Miette Hot Springs is another interesting attraction when visiting Jasper. With its mineral-rich waters, the hot springs have been a temptation since the early 1800s. Springing from Sulpher Creek, the water emerges from cracks in the mountain rocks after it has been heated by radioactive decay from the earth’s core. The water boils and is forced up, flowing from the mountain at 129.2 degrees F (54C). As such, these are the hottest springs in the Canadian Rockies. When the water enters the bathing pools, it is cooled to 104F (40C) so visitors can enjoy a truly revitalizing soak.
At Miette Hot Springs you will also find two cooling pools, a poolside shower and a spa that offers a range of services for guests. Nestled into the Fiddle Valley, a visit to Miette Hot Springs with it surrounding views and abundant wildlife will revive body, mind and soul.
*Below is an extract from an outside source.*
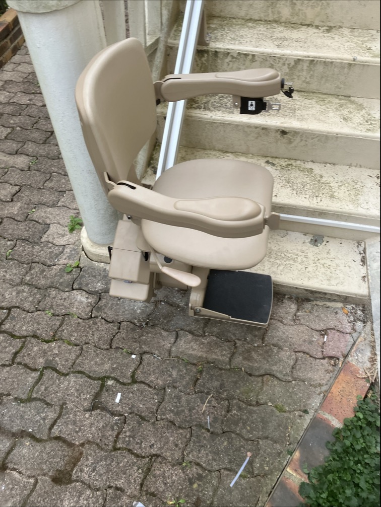 Nos équipes ont installées un fauteuil monte-escalier Elite droit extérieur à Orsay (91), installation à gauche en montant, avec un rail en aluminium, avec un départ droit devant la première marche de l’escalier et une arrivée au dessus de la dernière marche, ainsi que le pivotement manuel du siège.

Jasper Museums: Jasper Yellowhead Museum is filled with historic photographs, artifacts and a plethora of memorabilia from the region’s early years. Operated by the Jasper-Yellowhead Historical Society, the museum is a true preservation center for the natural and human history that dates as far back as 10,000 years. Wander the galleries, including the Historic Gallery where you will find railway, trade and tourism artifacts and the Alcove Gallery where you will enjoy viewing antique typewriters, telephones and telegraph equipment.
The Den Wildlife Museum, located in the lower level of Whistlers Inn, houses 130 life-size wildlife specimens including grizzly bears, moose, elk and cougars. Created by Canadian taxidermists, the exhibit has been 45 years in the making and covers the four regions of Alberta’s terrain: the northern forest, the aspen parkland, the mountain area and the prairies.